A Treatise on Painting
by Leonardo da Vinci, translated by John Francis Rigaud
Of the Colour of Objects remote from the Eye
4016870A Treatise on Painting — Of the Colour of Objects remote from the EyeJohn Francis RigaudLeonardo da Vinci

Chap. CCC.Of the Colour of Objects remote from the Eye.

The air tinges objects with its own colour more or less in proportion to the quantity of intervening air between it and the eye, so that a dark object at the distance of two miles (or a density of air equal to such distance), will be more tinged with its colour than if only one mile distant.
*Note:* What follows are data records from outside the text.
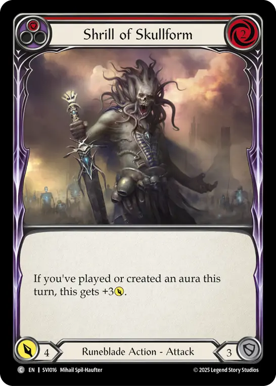 If you have played or created an aura this turn, Shrill of Skullform gains +3{p}.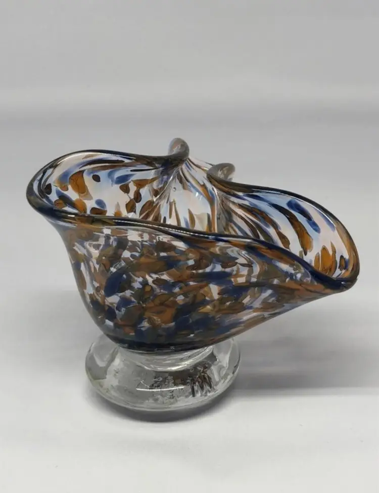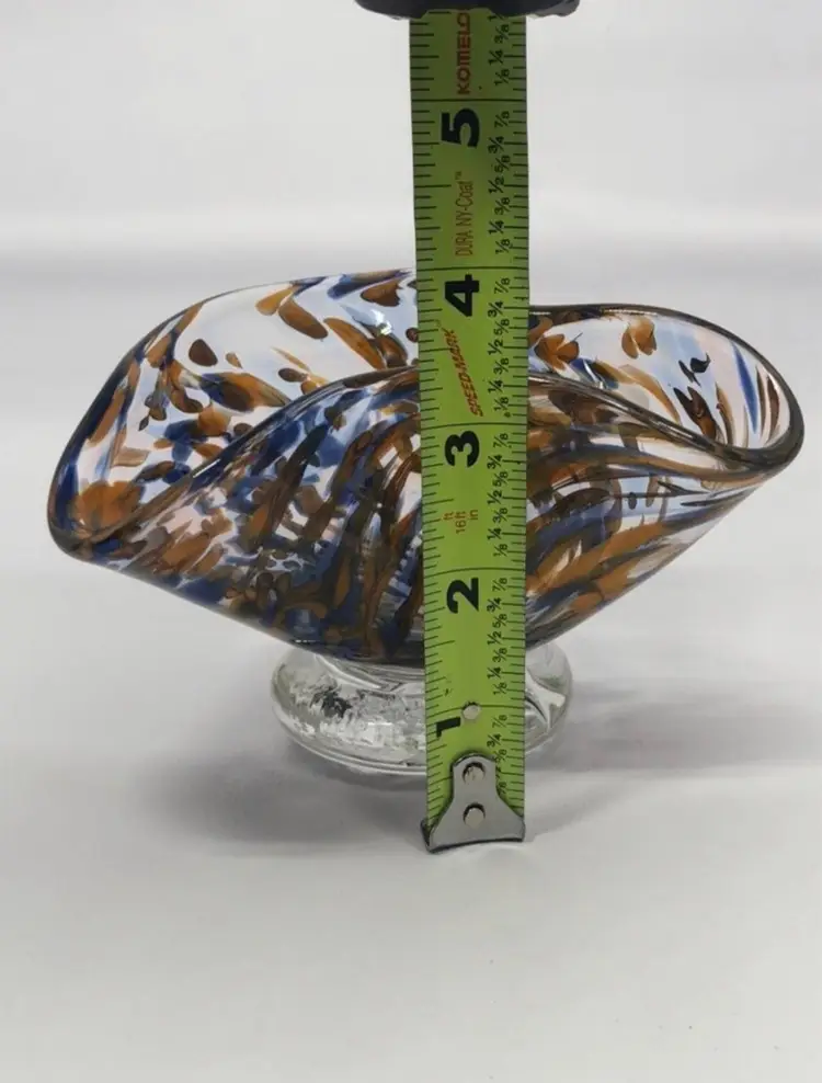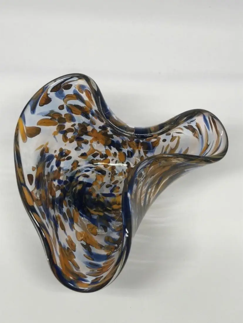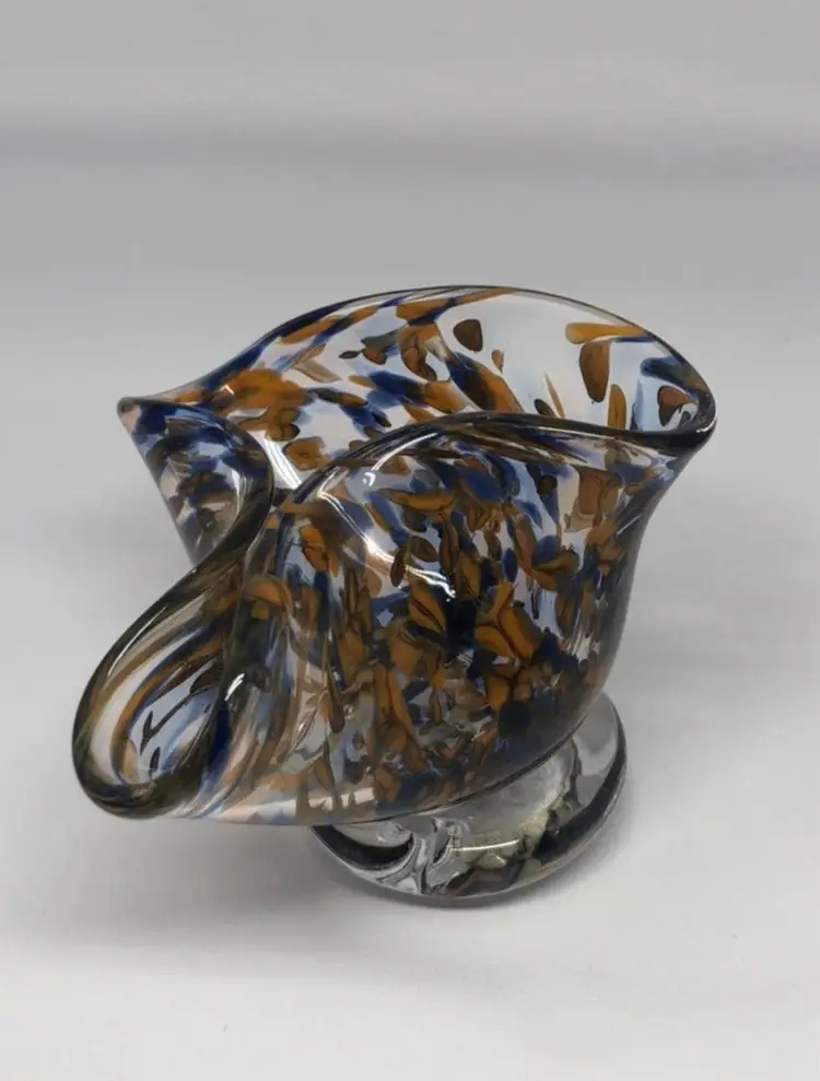 Hand-Blown Art Glass Confetti Blue & Orange Trinket Dish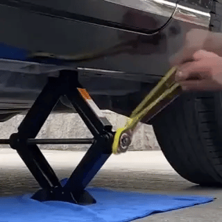 Leicht zu bedienen: Setzen Sie den Griff ein und heben Sie den Wagenheber durch einfaches Drehen an. Ideal für Reisen oder Notfälle.

It is said, that, in a landscape, trees of the same species appear darker in the distance than near; this cannot be true, if they be of equal size, and divided by equal spaces. But it will be so if the first trees are scattered, and the light of the fields is seen through and between them, while the others which are farther off, are thick together, as is often the case near some river or other piece of water: in this case no space of light fields can be perceived, but the trees appear thick together, accumulating the shadow on each other. It also happens, that as the shady parts of plants are much broader than the light ones, the colour of the plants becoming darker by the multiplied shadows, is preserved, and conveyed to the eye more strongly than that of the other parts; these masses, therefore, will carry the strongest parts of their colour to a greater distance.